Scott & Sarah Kennedy

Monday, May 30, 2005

Who's Job Is It Anyway? - part one

We have considered the question 'Why Schools', and have discovered that for the Christian, all things in life should come under the glorious banner of gloryfying God. We found that the primary purpose of education therefore was to enable our children to bring glory to God in their lives.

But if the purpose of education is an important question, a question of almost equal importance is, who has been given the mandate for this job.

As we think on this, we must really be careful not to let worldly thinking slip in. Our answer must be a God-given answer, not a cultural or pragmatic one. How can we find out who's job education is according to God? We must look into his word.

Now funnily enough we find that the Bible gives absolutely no information on schools. We cannot find a mandate from the Bible for schools as we know them. Michael Drake, a New Zealand principal of Carey College puts it this way:-

"The school is a pragmatic institution, permitted but not required. The home, the church and the state are institutions ordained by God with specific functions, but the school has no such mandate."

The Bible makes it more than clear, that the role of education of children, is first and foremost the responsibility of parents. Deuteronomy 6:4-14 lends support to this idea. Moses is reminding the people of God's law for them, and in verse 4 - 14 he lays out for parents how and when they should be reminding their children about the law of God. It comprehensively covers the whole of life. Now one of you may object, saying "It's impossible to teach the law of God through the child's whole life."

This objection is common, but what I think it shows a lack of understanding of the law of God. The law of God and his truth impinges on every single thing that we do in life. God his law and truth is not outside any single activity that one can think of.

Ephesians 6, also gives insight as to how children are to be trained. In verse 4, we are told that fathers are not to provoke their children to wrath, but bring them up in the training and admonition of the Lord. Now you might think to yourself "How can I bring my child up in the training and admonition of the Lord in Maths, or History?" But I ask you; who made this universe? Who created the order of this world? Who is the God of Maths? And again; who is the sovereign God who controls all history? Our God is God of everything.

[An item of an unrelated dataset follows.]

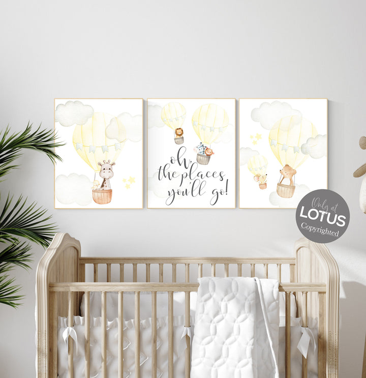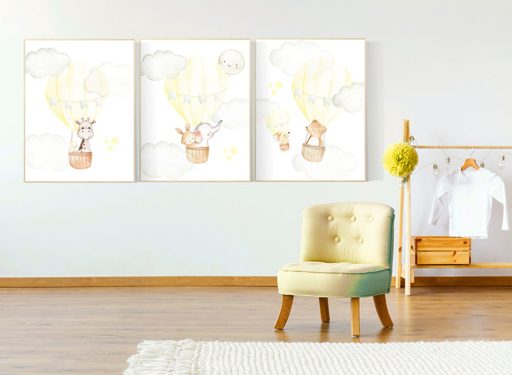 Nursery decor girl yellow, yellow nursery print, nursery wall art animals, hot air balloon nursery art, elephant, giraffe, bear, bunny print

Part of bringing our children up in the training and admonition of the Lord is to show them that there is nothing that God is silent on. We must not exasperate our children, by telling them there is a God over all, and then sending them to be trained by people who deny God's existence and shut him out from learning; people who have a larger time frame than we to train them. My parents never taught my little brother that Santa Claus was real. They taught him from an early age that they bought James presents, and not a man in a red suit. Their reasoning for this, was that if they told James he was true, later when they told him "Actually Santa Claus isn't true", that would put doubt about other things in his mind. For instance "Is Jesus true?" Now, I think this is a pretty sound idea, and I'm sure many of you do too. But how many of us transfer this kind of thinking over to our children's schooling? Fathers, we must make sure we do not exasperate out children, by telling them the importance of God in everything, and then having pagans tell our children He doesn't exist.

Fathers, God says that we are responsible for bringing up our children in the training and admonition of the Lord. God holds that we, not schools are responsible for this. So if we get it wrong, it's not the schools we can blame, but ourselves. Some say that when our children get home from school, we can go over what they learnt that day, and then teach it from a Christian perspective.

I raise three objections to this line of thinking.

1. Why bother re-teaching them? Would it not be a better use of time to teach them correctly in the first place?
2. Pragmatically, who actually would do this?
3. Some of the things our children will learn at a secular school are not going to be as outright as evolution, and the subtlety will escape them, and we will have no chance to correct the error.